Если представить себе гипотетически структуру космоса, как она мыслится (как я себе представляю, что она могла мыслиться, конечно, это гипотетическая конструкция) условным создателем романа Достоевского (я вовсе не говорю, что он так себе это представлял), складывается взгляд на реальность, делящий ее на три уровня: первый – отчетливый, бытовой, уровень твердых тел – изодран в клочья и сквозь него просвечивает другой – смутный, туманный, в котором едва можно разглядеть отдельные фигуры, как некоторые созвездия в тумане. Присмотревшись к движению созвездий, замечаешь как бы астрологическую картину, в которой движение созвездий определяет события на бытовом уровне (так, по астрологическим представлениям, сочетание звезд определяет, что с вами случится). Но и эти данные созвездий все-таки обманчивы, эти звездные образы наплывают один на другой, смешиваются, и, в конце концов, последний (третий) уровень – такой, который остается уже как бы и вовсе нераскрытым. Окончательное слово Достоевского – нераскрытая тайна. Впрочем, я сразу должен оговориться, что такое деление слишком резко. То, что происходит на бытовом уровне романа, – это не дурной сон, не иллюзия, от которой можно освободиться. Убийство старухи или три тысячи, которые стремится достать Митенька, – это совершенно реальное убийство, и деньги, вернее, отсутствие денег у Митеньки, совершенно реальны. То, что его мучает отсутствие денег, – это вовсе не метафора. То, что пробивается сквозь внешнюю реальность, не отменяет ее, а только усложняет, вступает с низкой реальностью в спор, и этот спор сам по себе реальность и, может быть, величайшая полнота реальности, схваченная в романе.

M. М. Бахтин в своей книге о Рабле заметил, что Данте в «Аду» сталкивает две оси бытия: горизонтальную, направленную к бесчисленным предметам в пространстве и времени, как бы уровень различий, уровень отдельных фактов, и вертикальную, направленную к вечности, с земли к небу, или с земли к аду.
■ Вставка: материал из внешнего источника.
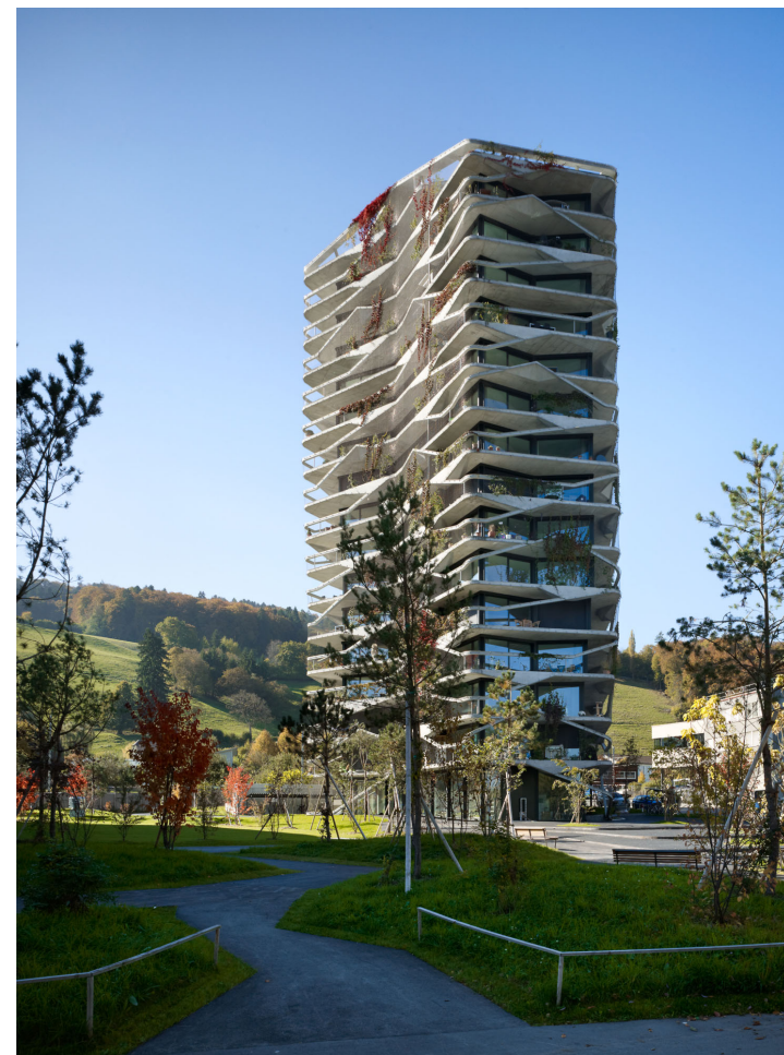
Garden Tower Wabern Buchner Bründler, Basel

В конце средних веков твердо установленной была вторая, вертикальная ось – с неба к аду; ее пересекают, расшатывают человеческие страсти, направленные, так сказать, поперек, создавая неслыханный ни раньше, ни позже внутренний напор поэмы.

У Достоевского я чувствую тот же напор. Только теперь в обычном представлении твердо установлена горизонтальная ось (утвержденная со времен Возрождения), реальность мира в пространстве и времени, которую можно рассматривать как горизонтальный пласт. А хотят разрушить, но все-таки не разрушают до конца, взлеты в небо, провалы в ад. И оба эти направления, горизонтальное и вертикальное, одинаково реальны.

В этом смысле роман Достоевского – это не только не роман Тургенева или Гончарова, который остается целиком в горизонтальном пласте, но и не роман Кафки или, скажем, «Приглашение на казнь» Набокова, в котором внешняя реальность настолько призрачна, что когда Цинцината казнят, то я не совсем уверен, что его казнят, это какая-то иллюзия казни, это какое-то монофизитское представление об иллюзорных страданиях, которых на самом деле нет и которые проходят как дурной сон. Достоевский ближе к учению вселенской церкви о том, что Христос действительно был человек, хотя в то же время был Бог, и действительно страдал. Его роман одновременно вполне кошмарно реален в самом бытовом смысле и одновременно не только это, одновременно он глубоко духовен. Алену Ивановну и ее сестру убивают совершенно всерьез (без метафор), мы чувствуем себя перепачканными кровью их вместе с Раскольниковым... И все же еще серьезнее, что убита «Идея», и еще серьезнее, что развязаны глубинные силы, что обвалились пласты, преграждавшие путь внутри личности, и открывается то, что человек раньше не знал, что сейчас станет сутью его жизни.